Limitations & Future Work

  • Learning the retention function \(f\) is limited by the availability of historical data; cold-start users lack interaction history to estimate personalized curves.
  • The match probability \(r(x,y)\) is assumed to be known or estimated by an upstream model; estimation errors in \(r\) propagate into the retention optimization.
  • The retention definition—"whether the user logs in the following month"—is coarse-grained; finer-grained metrics such as LTV or subscription renewal rate may carry greater commercial value.
  • The optimization is performed greedily at each time step independently, without multi-step lookahead; long-term planning from a reinforcement learning perspective may yield further improvements.

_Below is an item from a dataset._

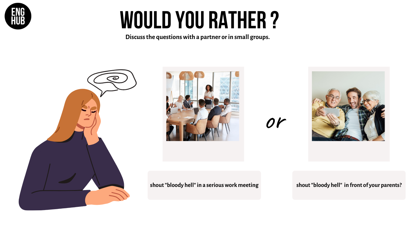 - Discuss “Would you rather...?” questions.

  • The paradigm of shifting from "proxy objective → ultimate objective" is broadly applicable to e-commerce recommendation (CTR → purchase → repurchase → LTV) and content platforms (clicks → watch time → DAU → retention).

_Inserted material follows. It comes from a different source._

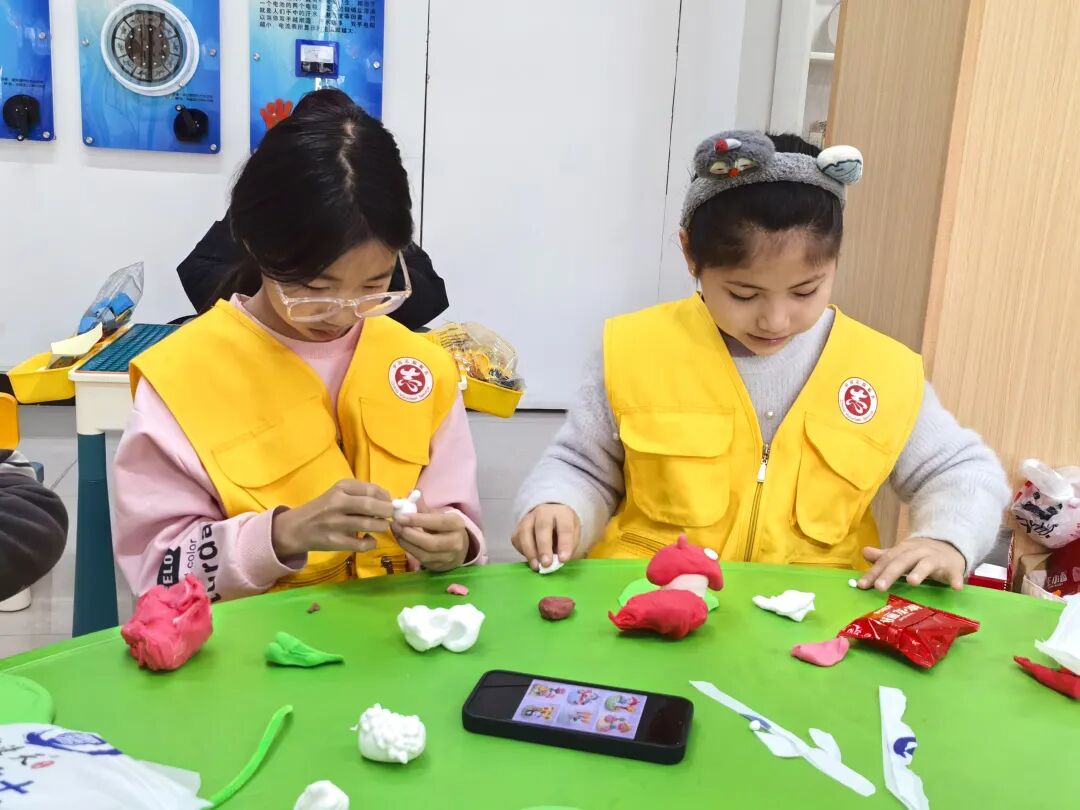 活动现场,多样的创作材料瞬间吸引了孩子们的注意力。在志愿者的悉心指导下,大家积极投入创作,有的与同伴轻声交流创意想法,有的主动请教技巧难点,有条不紊地勾勒、塑形、拼接,亲手打造出小兔子、蘑菇屋等各具特色的手工作品,现场充满欢声笑语。志愿者们穿梭其间,及时答疑解惑、提供协助,全力助力每个孩子完成专属作品。

  • FairCo is the primary baseline; MRet can be viewed as an "upgraded objective function" counterpart—the framework structure is similar (dynamic LTR with incremental adjustment), but the optimization target is replaced from fairness to retention.
  • Compared to RL-based long-term engagement optimization, MRet employs greedy step-by-step optimization with theoretical lower-bound guarantees, making it simpler and more practical while avoiding the training instability and sample inefficiency inherent to RL.

Rating

  • Novelty: ⭐⭐⭐⭐ The problem formulation is novel; the shift from proxy to ultimate objectives is inspiring; the NP-hard → \(O(N \log N)\) theoretical contribution is rigorous.
  • Experimental Thoroughness: ⭐⭐⭐⭐ Synthetic and real-world data, six ablation dimensions, oracle upper bound as reference; however, the real-world experiment is limited to a 1000×1000 scale.
  • Writing Quality: ⭐⭐⭐⭐ Motivation is thoroughly argued; the toy example (Figure 2) and distribution comparison (Figure 5b) are intuitive and compelling; theoretical derivations are clearly presented.
  • Value: ⭐⭐⭐⭐ Directly applicable to subscription-based two-sided platforms; the principle of "optimizing the ultimate objective" is broadly transferable.